The purpose of this study was to determine prescribing trends in a specialist glaucoma clinic in the UK. Specifically, the aims were to determine which drugs were prescribed as first-, second-, and third-line treatment, the persistence of first-, second-, and third-line treatment regimens, and the proportion of treatment decisions conforming to the European Glaucoma Society (EGS) guidelines.

Methods

A retrospective, non-interventional, single-center, case-note review was performed on a cohort of consecutive patients presenting to a specialist glaucoma clinic for follow-up. Inclusion criteria for the study were (1) a diagnosis of primary open-angle glaucoma or ocular hypertension, (2) glaucoma management entirely within the unit, and (3) minimum of 2 years of follow-up.

Results

A total of 114 case notes met the inclusion criteria. Mean age was 71 years (range 40–95 years). Mean length of follow-up was 56 months (range 24–180 months).
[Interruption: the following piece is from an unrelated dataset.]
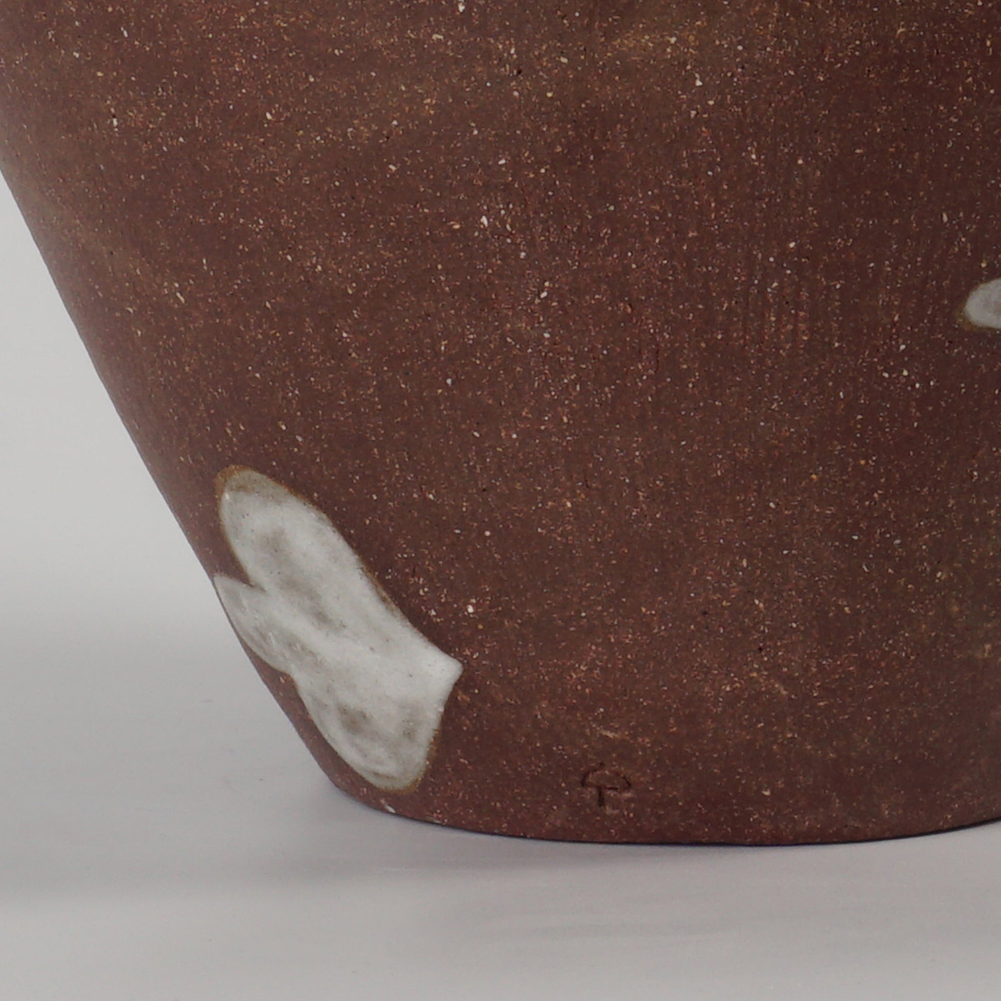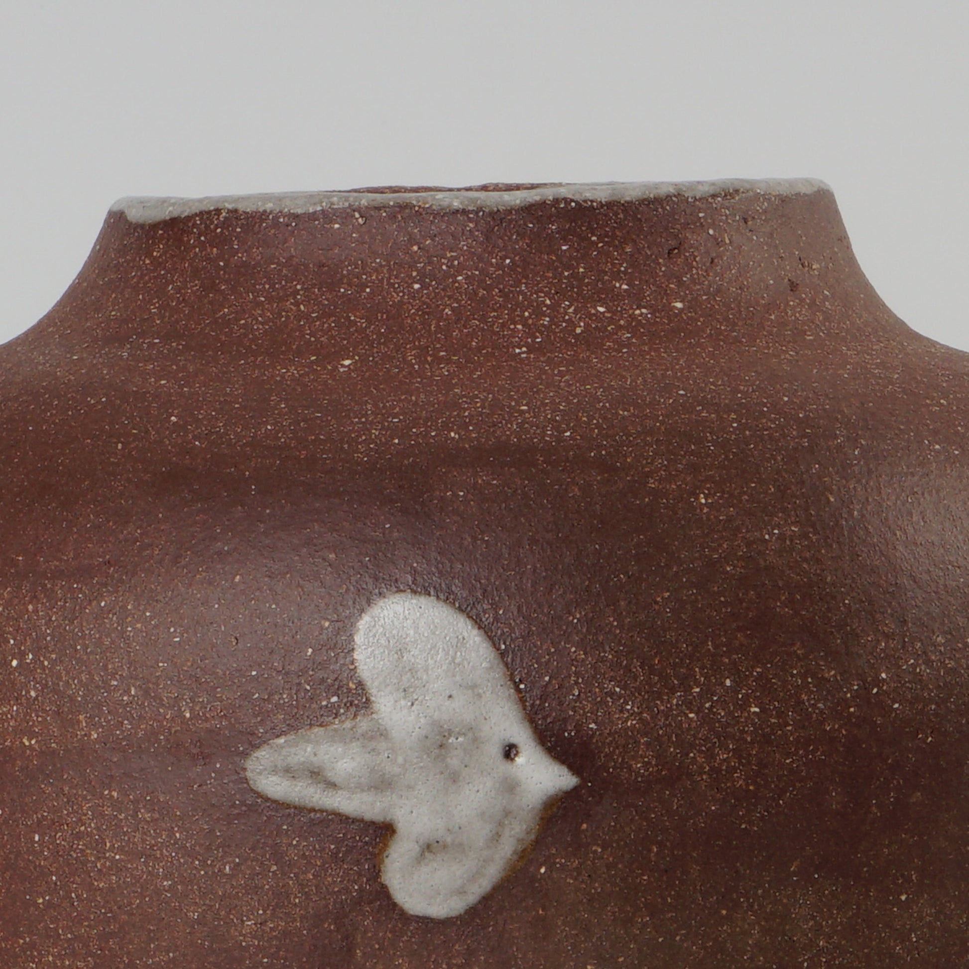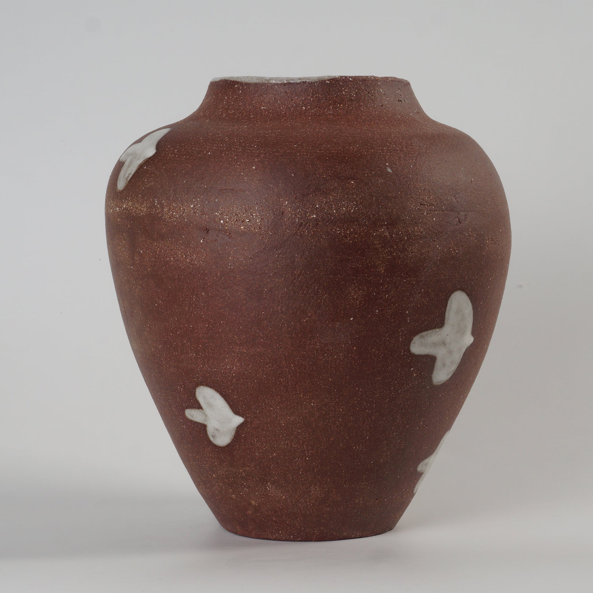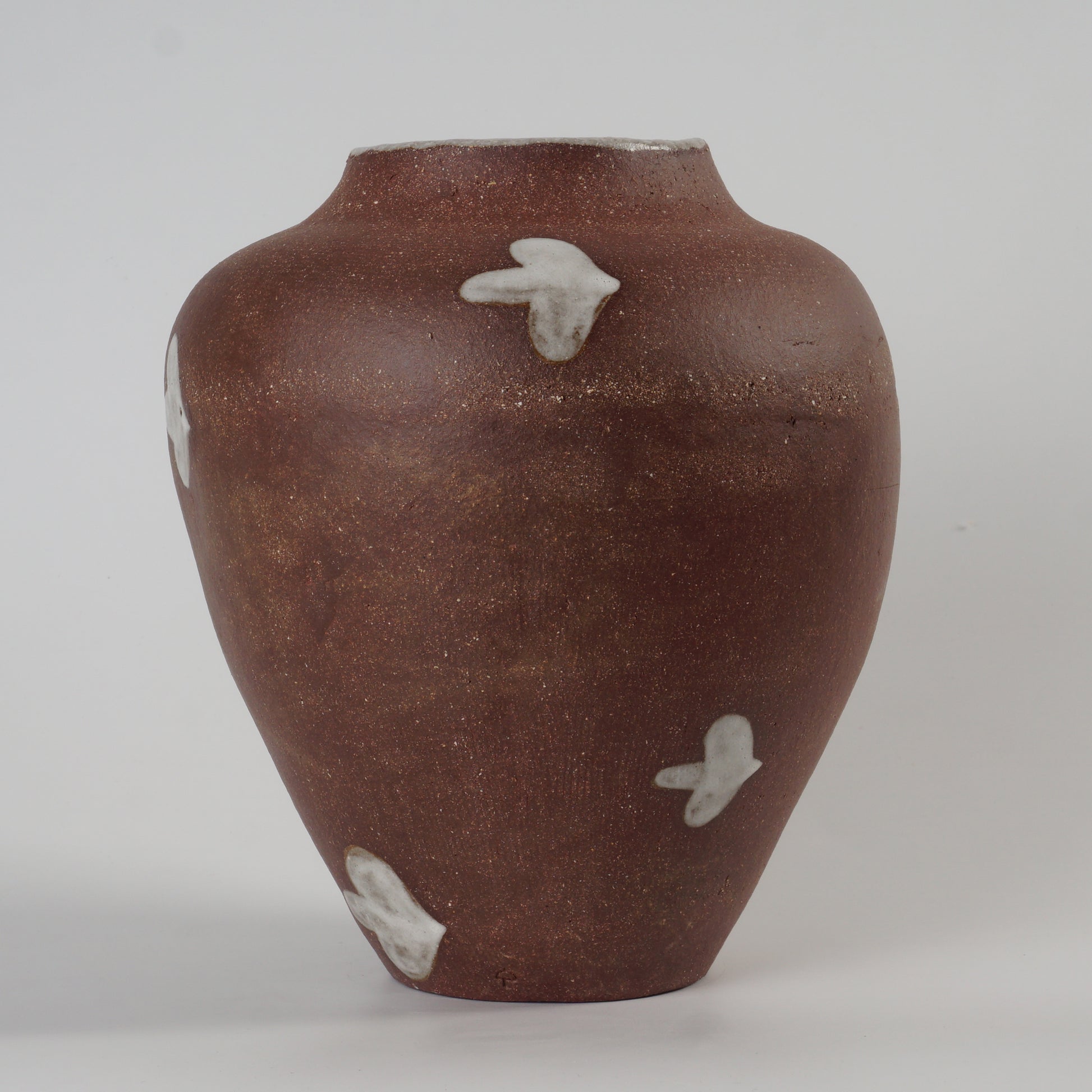 Ваза в кольорі теракот, випалена при 1230°C (2246°F). Покрита білою матовою глазурʼю всередині та прикрашена білими ніжними образами пташок, що летять додому — що сиволізують тепло, повернення та грамонію.

Prostaglandin analogues (PGA) were the most popular first-line treatment in 73% of patients. As second-line treatment, PGA were again the predominant class, prescribed in 87% of cases, whereas beta-blockers (BB) were prescribed in 70% of cases. Carbonic anhydrase inhibitors (CAI) and alpha-2 agonists (AA) were more popular in third-line regimens. Second-line treatment was introduced at a mean of 28.0 months after first-line treatment (range 1–120 months, 95% CI 22.1–33.9 months). Third-line treatment was introduced at a mean of 22.9 months after second-line treatment (range 1–96 months, 95% CI 17.1–28.8 months). Breaches to EGS guidelines were most common for third-line treatment and included duplication of drug classes.

Discussion

There was a clear hierarchy of PGA as first-line, BB as second-line, while CAI and AA were considered third-line choices. First-line choices were generally in line with EGS guidelines. There was a tendency to breach guidelines by escalating treatment in dual steps rather than single steps (especially in third-line treatment). Combination drops were popular. In third-line treatment there was an increased incidence of prescribing errors. This data is important in terms of informing patients of the expected treatment course, to remind clinicians about best practice, and also to guide comparisons of cost-effectiveness with other treatment modalities.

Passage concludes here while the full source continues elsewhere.